Your goal:
Below are lines of data; restate word for word those running from the line containing "傳統水下鉆孔灌注樁施工,樁頭" to the line containing "[This review was", inclusive, and no others.

Exercise material:

════════════════

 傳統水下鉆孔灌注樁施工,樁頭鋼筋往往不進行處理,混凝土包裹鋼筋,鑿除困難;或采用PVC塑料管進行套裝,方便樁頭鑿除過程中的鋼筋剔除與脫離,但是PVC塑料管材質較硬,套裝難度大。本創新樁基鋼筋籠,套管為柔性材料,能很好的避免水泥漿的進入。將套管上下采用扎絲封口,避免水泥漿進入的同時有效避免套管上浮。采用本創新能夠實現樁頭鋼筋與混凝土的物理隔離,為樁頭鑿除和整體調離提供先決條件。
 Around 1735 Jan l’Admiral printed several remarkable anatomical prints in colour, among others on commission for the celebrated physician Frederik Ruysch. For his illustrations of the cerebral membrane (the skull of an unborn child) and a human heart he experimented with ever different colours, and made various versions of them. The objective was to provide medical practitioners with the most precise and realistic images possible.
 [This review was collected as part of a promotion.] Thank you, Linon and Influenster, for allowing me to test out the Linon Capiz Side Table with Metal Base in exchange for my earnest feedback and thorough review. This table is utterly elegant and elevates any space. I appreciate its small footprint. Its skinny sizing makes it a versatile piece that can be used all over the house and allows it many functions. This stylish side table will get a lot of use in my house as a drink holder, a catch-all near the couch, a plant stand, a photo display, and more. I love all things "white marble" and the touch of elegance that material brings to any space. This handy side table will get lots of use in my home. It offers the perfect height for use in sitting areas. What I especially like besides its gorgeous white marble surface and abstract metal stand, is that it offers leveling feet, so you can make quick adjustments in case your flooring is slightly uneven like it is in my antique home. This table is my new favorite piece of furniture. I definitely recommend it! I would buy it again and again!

════════════════

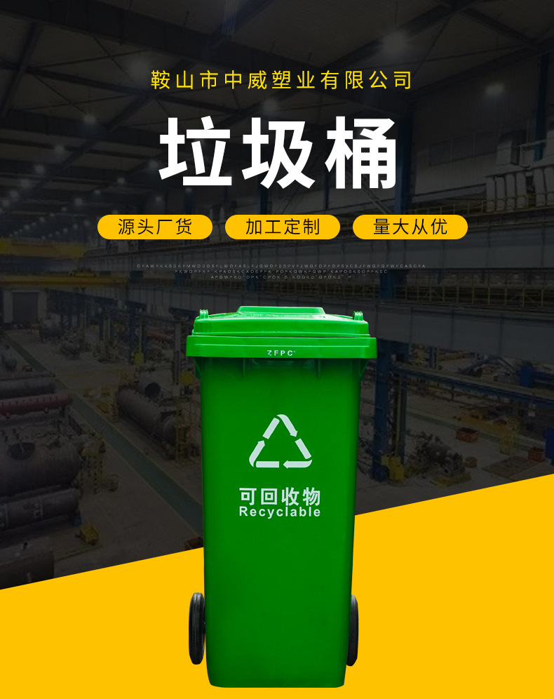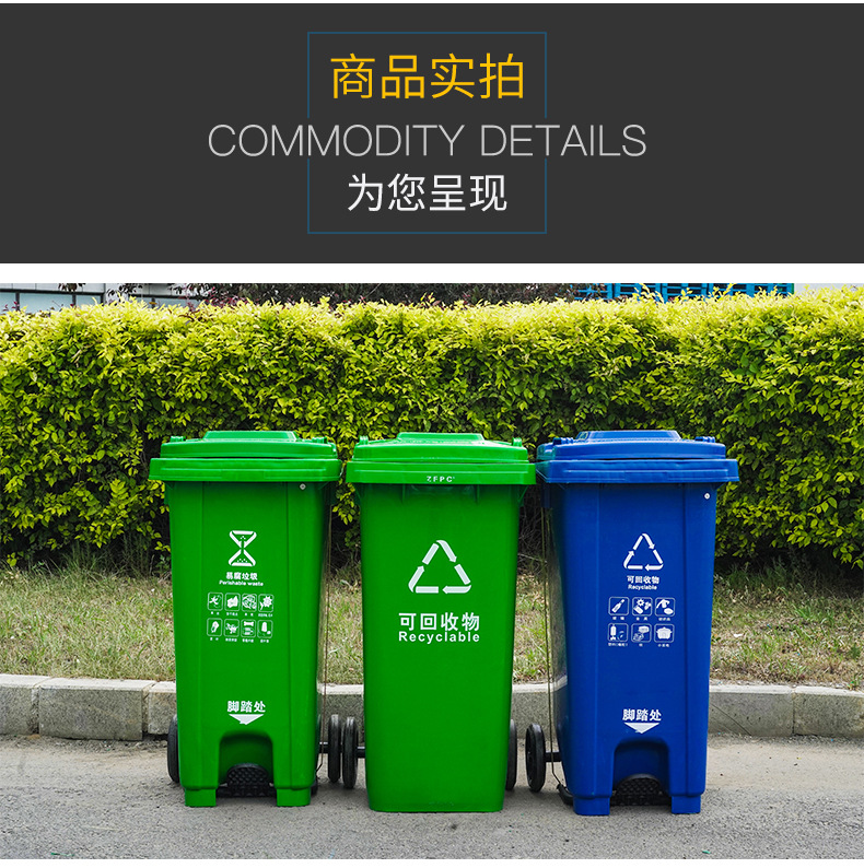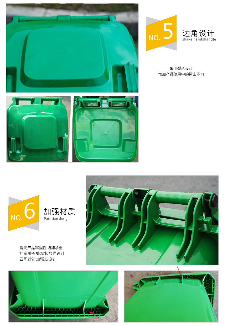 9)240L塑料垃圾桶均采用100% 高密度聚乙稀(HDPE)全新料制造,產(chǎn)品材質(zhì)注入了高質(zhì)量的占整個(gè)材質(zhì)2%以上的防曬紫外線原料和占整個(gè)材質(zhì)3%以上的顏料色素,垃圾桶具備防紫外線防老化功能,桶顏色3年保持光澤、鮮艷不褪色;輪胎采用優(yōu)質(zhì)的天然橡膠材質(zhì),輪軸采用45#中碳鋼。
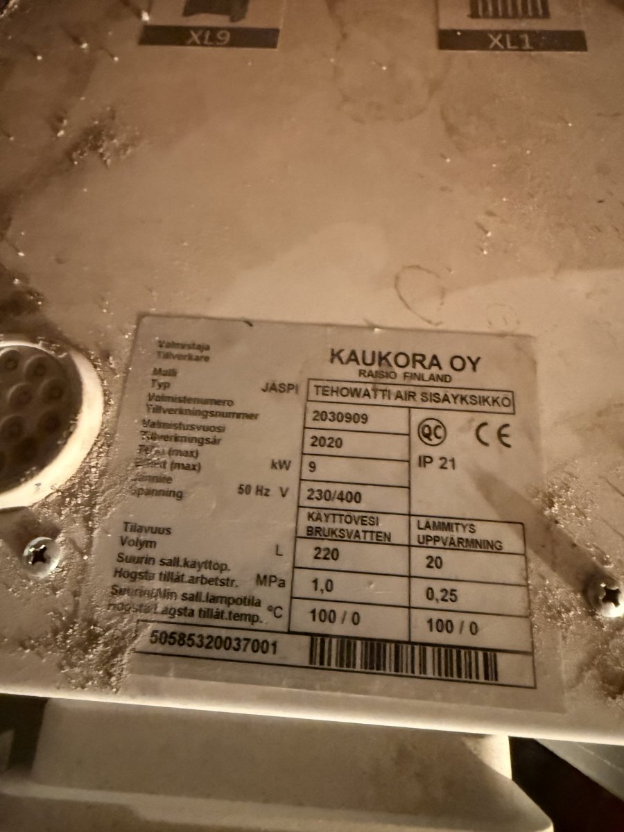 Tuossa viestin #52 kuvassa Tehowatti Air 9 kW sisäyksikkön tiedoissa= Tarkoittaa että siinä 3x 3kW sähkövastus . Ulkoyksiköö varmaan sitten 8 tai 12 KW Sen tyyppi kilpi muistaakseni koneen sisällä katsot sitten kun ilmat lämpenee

════════════════

Result of this task:
 傳統水下鉆孔灌注樁施工,樁頭鋼筋往往不進行處理,混凝土包裹鋼筋,鑿除困難;或采用PVC塑料管進行套裝,方便樁頭鑿除過程中的鋼筋剔除與脫離,但是PVC塑料管材質較硬,套裝難度大。本創新樁基鋼筋籠,套管為柔性材料,能很好的避免水泥漿的進入。將套管上下采用扎絲封口,避免水泥漿進入的同時有效避免套管上浮。采用本創新能夠實現樁頭鋼筋與混凝土的物理隔離,為樁頭鑿除和整體調離提供先決條件。
 Around 1735 Jan l’Admiral printed several remarkable anatomical prints in colour, among others on commission for the celebrated physician Frederik Ruysch. For his illustrations of the cerebral membrane (the skull of an unborn child) and a human heart he experimented with ever different colours, and made various versions of them. The objective was to provide medical practitioners with the most precise and realistic images possible.
 [This review was collected as part of a promotion.] Thank you, Linon and Influenster, for allowing me to test out the Linon Capiz Side Table with Metal Base in exchange for my earnest feedback and thorough review. This table is utterly elegant and elevates any space. I appreciate its small footprint. Its skinny sizing makes it a versatile piece that can be used all over the house and allows it many functions. This stylish side table will get a lot of use in my house as a drink holder, a catch-all near the couch, a plant stand, a photo display, and more. I love all things "white marble" and the touch of elegance that material brings to any space. This handy side table will get lots of use in my home. It offers the perfect height for use in sitting areas. What I especially like besides its gorgeous white marble surface and abstract metal stand, is that it offers leveling feet, so you can make quick adjustments in case your flooring is slightly uneven like it is in my antique home. This table is my new favorite piece of furniture. I definitely recommend it! I would buy it again and again!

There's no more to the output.